AIM OF THE TASK:
Take the listing below and print exactly the lines starting at the line containing "Die Ruban Croisé-Kollektion" and ending at the line containing "Roughly 100sqm of", both ends included, and no others.

INPUT MATERIAL:
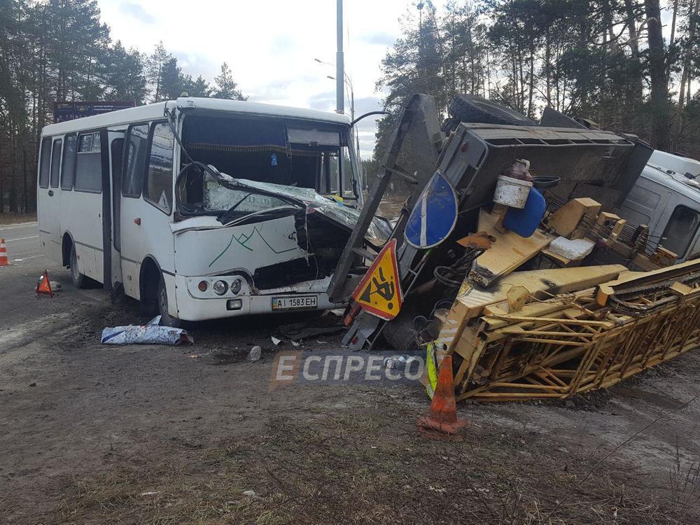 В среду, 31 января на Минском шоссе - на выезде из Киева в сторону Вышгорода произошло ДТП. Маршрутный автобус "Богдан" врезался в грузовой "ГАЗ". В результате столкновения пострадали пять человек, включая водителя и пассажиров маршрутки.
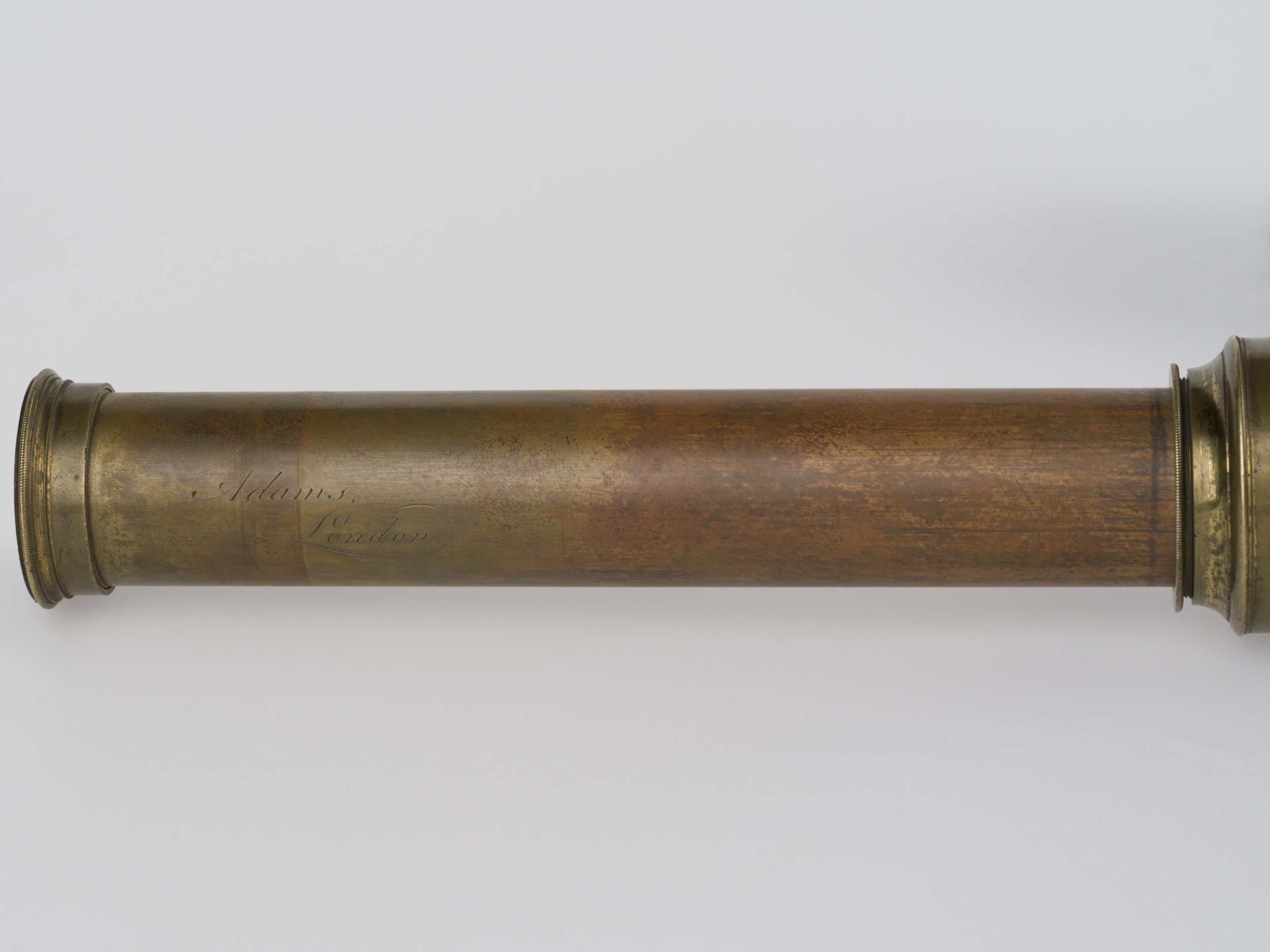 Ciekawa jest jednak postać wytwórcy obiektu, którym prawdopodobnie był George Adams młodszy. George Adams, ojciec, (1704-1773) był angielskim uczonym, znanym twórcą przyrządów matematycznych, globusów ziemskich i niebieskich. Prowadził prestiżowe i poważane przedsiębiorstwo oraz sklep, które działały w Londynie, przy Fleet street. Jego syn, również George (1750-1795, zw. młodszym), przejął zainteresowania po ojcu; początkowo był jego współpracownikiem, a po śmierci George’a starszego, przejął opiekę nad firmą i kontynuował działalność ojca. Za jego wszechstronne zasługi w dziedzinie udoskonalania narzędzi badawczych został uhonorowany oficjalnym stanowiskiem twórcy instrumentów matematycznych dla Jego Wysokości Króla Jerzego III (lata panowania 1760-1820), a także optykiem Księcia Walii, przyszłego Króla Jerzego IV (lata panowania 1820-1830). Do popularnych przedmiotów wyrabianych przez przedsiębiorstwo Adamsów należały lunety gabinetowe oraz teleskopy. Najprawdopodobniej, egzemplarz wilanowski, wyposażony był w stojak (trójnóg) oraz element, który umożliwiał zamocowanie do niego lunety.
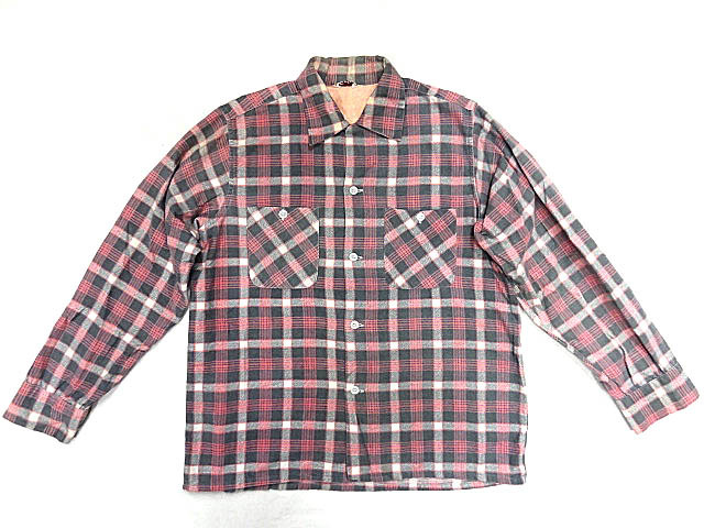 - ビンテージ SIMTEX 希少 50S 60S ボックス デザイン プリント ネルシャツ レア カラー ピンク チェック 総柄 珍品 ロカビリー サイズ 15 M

--

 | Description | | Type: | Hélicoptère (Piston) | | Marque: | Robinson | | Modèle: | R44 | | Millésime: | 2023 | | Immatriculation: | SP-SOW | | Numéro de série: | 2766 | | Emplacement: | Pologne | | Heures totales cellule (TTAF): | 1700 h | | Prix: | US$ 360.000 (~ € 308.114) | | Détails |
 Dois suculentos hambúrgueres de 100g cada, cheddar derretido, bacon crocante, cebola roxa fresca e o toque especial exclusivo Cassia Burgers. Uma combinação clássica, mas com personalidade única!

* * *

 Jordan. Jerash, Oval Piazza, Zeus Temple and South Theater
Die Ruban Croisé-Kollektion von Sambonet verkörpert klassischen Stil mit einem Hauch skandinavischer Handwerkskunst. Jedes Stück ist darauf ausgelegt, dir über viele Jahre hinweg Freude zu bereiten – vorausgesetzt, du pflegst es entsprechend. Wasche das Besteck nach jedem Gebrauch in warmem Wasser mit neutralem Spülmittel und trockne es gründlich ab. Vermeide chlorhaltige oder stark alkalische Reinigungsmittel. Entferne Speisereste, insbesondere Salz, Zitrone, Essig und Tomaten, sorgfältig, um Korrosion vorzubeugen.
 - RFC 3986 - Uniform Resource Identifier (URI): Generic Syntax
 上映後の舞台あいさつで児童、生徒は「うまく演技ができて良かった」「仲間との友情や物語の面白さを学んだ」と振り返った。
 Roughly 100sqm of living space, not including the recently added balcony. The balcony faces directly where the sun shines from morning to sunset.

RESPONSE BELOW:
Die Ruban Croisé-Kollektion von Sambonet verkörpert klassischen Stil mit einem Hauch skandinavischer Handwerkskunst. Jedes Stück ist darauf ausgelegt, dir über viele Jahre hinweg Freude zu bereiten – vorausgesetzt, du pflegst es entsprechend. Wasche das Besteck nach jedem Gebrauch in warmem Wasser mit neutralem Spülmittel und trockne es gründlich ab. Vermeide chlorhaltige oder stark alkalische Reinigungsmittel. Entferne Speisereste, insbesondere Salz, Zitrone, Essig und Tomaten, sorgfältig, um Korrosion vorzubeugen.
 - RFC 3986 - Uniform Resource Identifier (URI): Generic Syntax
 上映後の舞台あいさつで児童、生徒は「うまく演技ができて良かった」「仲間との友情や物語の面白さを学んだ」と振り返った。
 Roughly 100sqm of living space, not including the recently added balcony. The balcony faces directly where the sun shines from morning to sunset.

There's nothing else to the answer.